- Opening Delimiter -

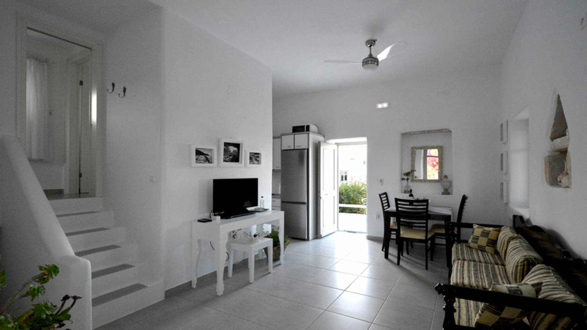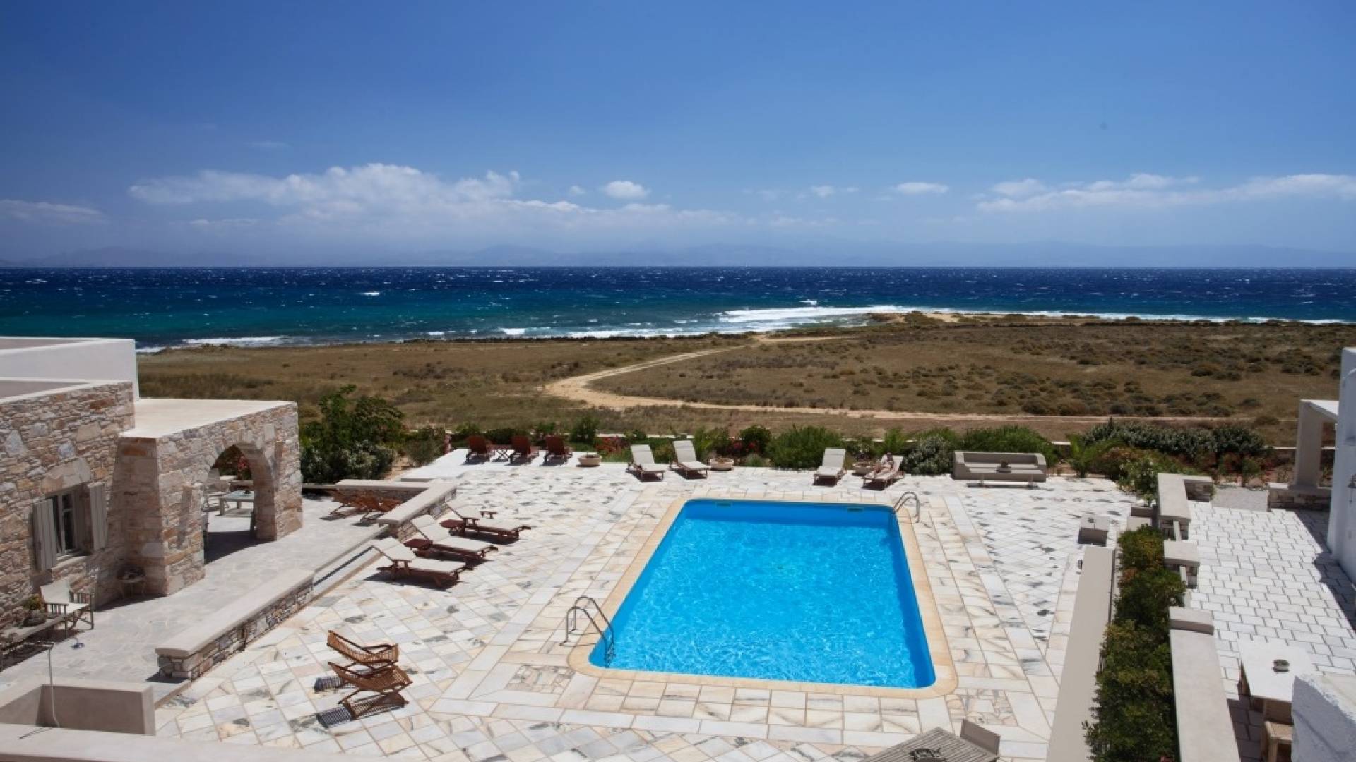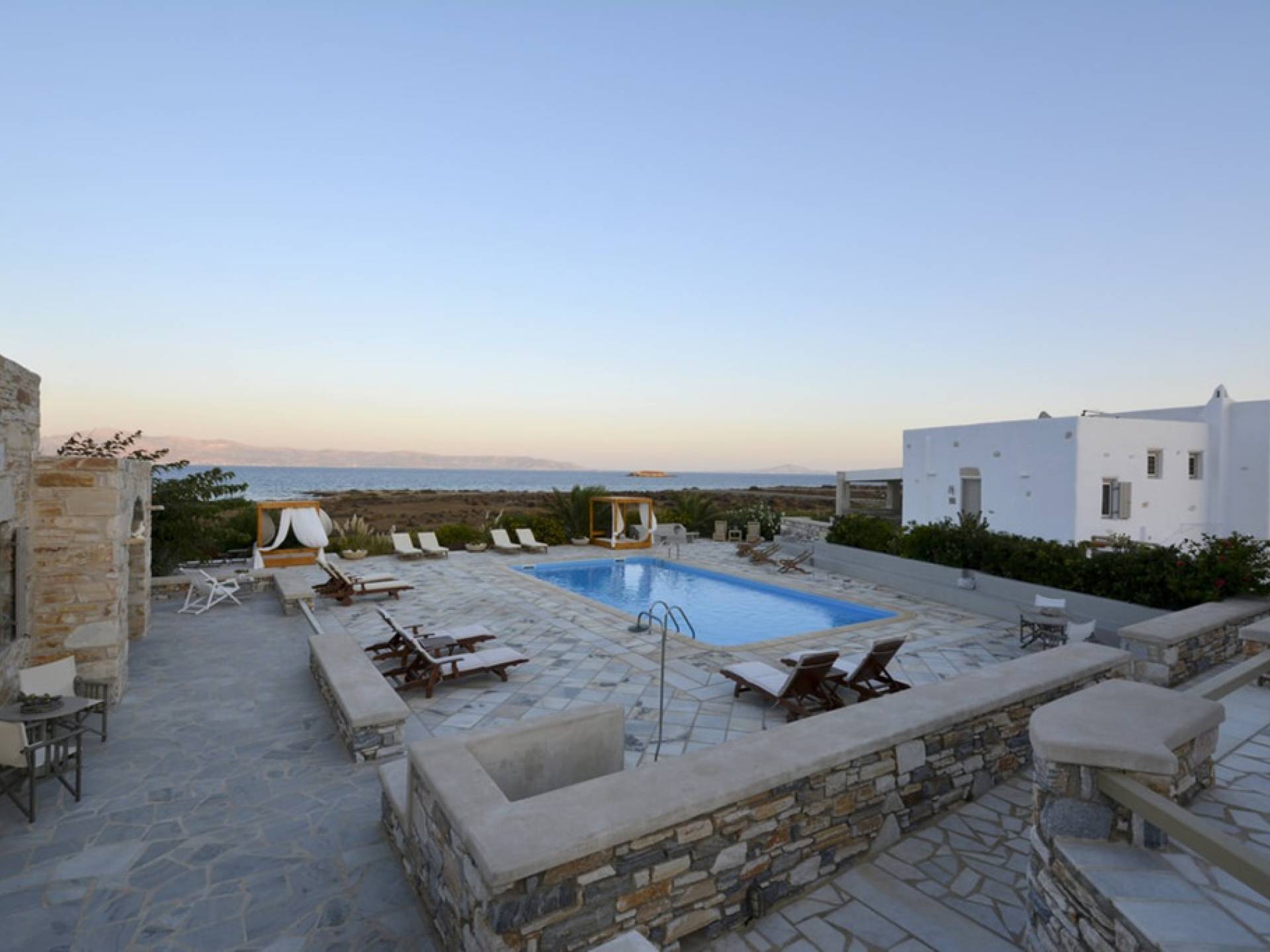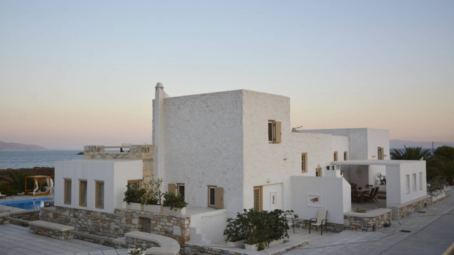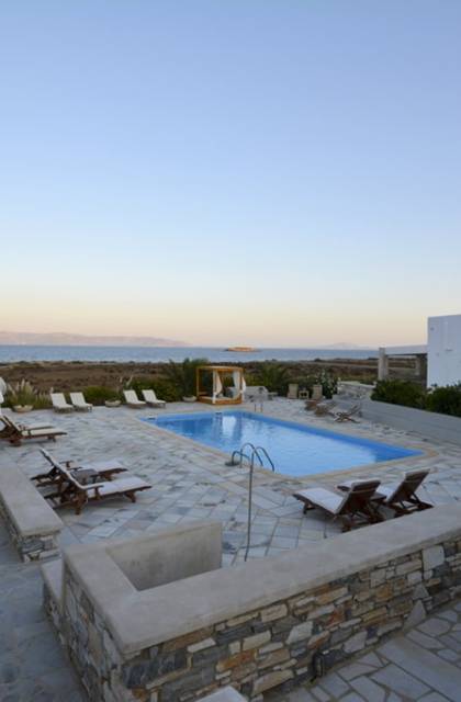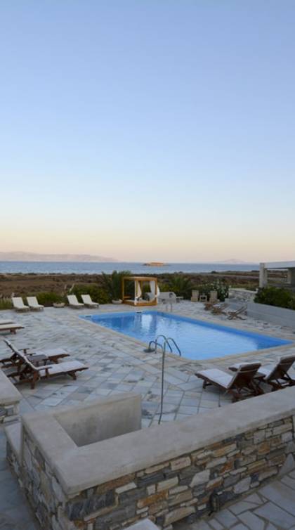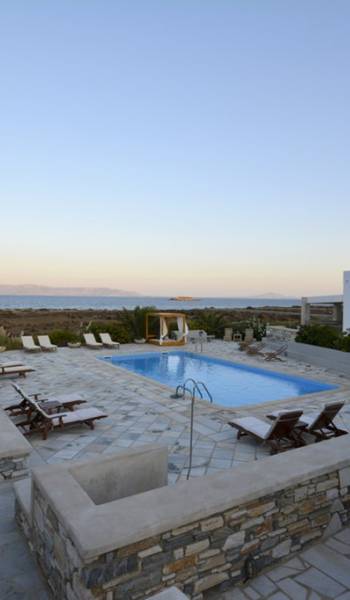 The internal, as well as the external spaces, are drawn with fineness and luxury. The interiors are equipped with beautiful furniture and unique pieces of art. All villas have an open view of the sea and the island of Naxos from every place you choose to sit and can offer you real relaxation. The complex offers also a big garden, parking facilities as well as a large common yard with a large swimming pool.
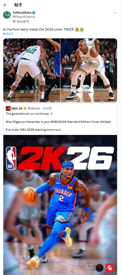 07月09日讯 NBA官方今天凌晨宣布,雷霆球星亚历山大成为NBA2K26的封面人物。CelticsGlobe转发推文并...
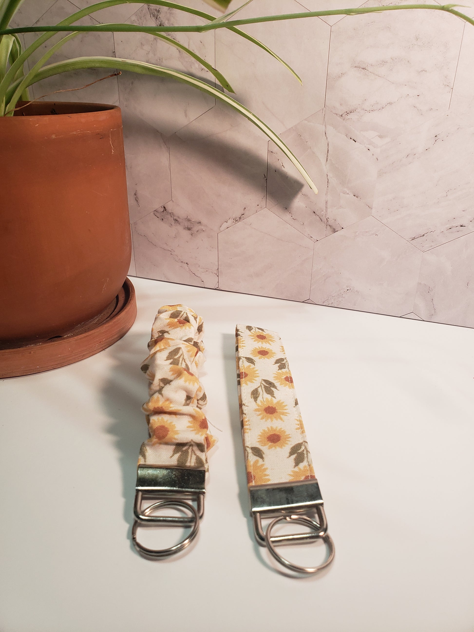 This scrunchie wristlet is perfect for holding your car keys, work keys, or makes the perfect wallet accessory . This wristlet also makes an easy and unique gift for teachers, coworkers, neighbors, friends or for yourself. Each wristlet is made from 100% cotton, an 8.5 inch elastic band, and a piece of silver hardware that contains a key ring.
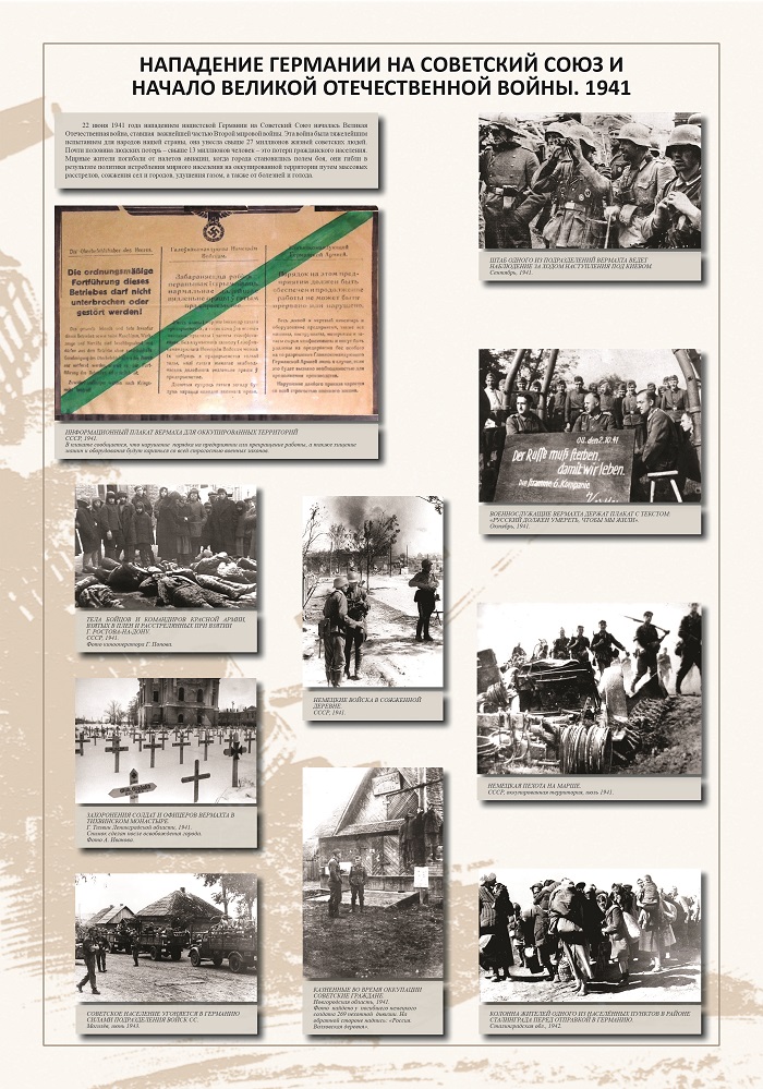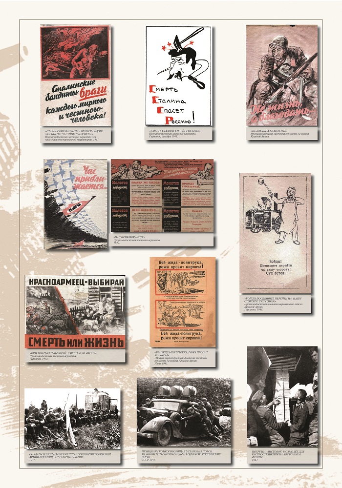 Предваряют рассказ о советских военнопленных материалы о пропаганде вермахта в войсках Красной Армии и на оккупированных территориях нашей страны. Листовки, плакаты и фотографии, представленные на выставке, позволяют зрителю лучше понять сущность нацистской идеологии.
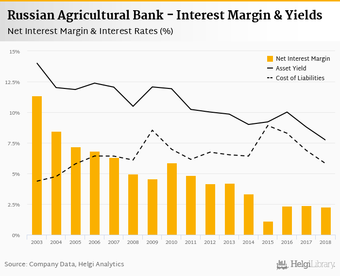 Comparing Russian Agricultural Bank with its closest peers, Sberbank operated in 2018 with a net interest margin of 5.00% in 2018, VTB Bank reached 3.37% and Alfa Bank some 4.43%.

- Closing Delimiter -

### WHAT TO PRODUCE
Leave images out of the retyped records; keep all else exact.

### ANSWER SPACE
 The internal, as well as the external spaces, are drawn with fineness and luxury. The interiors are equipped with beautiful furniture and unique pieces of art. All villas have an open view of the sea and the island of Naxos from every place you choose to sit and can offer you real relaxation. The complex offers also a big garden, parking facilities as well as a large common yard with a large swimming pool.
 07月09日讯 NBA官方今天凌晨宣布,雷霆球星亚历山大成为NBA2K26的封面人物。CelticsGlobe转发推文并...
 This scrunchie wristlet is perfect for holding your car keys, work keys, or makes the perfect wallet accessory . This wristlet also makes an easy and unique gift for teachers, coworkers, neighbors, friends or for yourself. Each wristlet is made from 100% cotton, an 8.5 inch elastic band, and a piece of silver hardware that contains a key ring.
 Предваряют рассказ о советских военнопленных материалы о пропаганде вермахта в войсках Красной Армии и на оккупированных территориях нашей страны. Листовки, плакаты и фотографии, представленные на выставке, позволяют зрителю лучше понять сущность нацистской идеологии.
 Comparing Russian Agricultural Bank with its closest peers, Sberbank operated in 2018 with a net interest margin of 5.00% in 2018, VTB Bank reached 3.37% and Alfa Bank some 4.43%.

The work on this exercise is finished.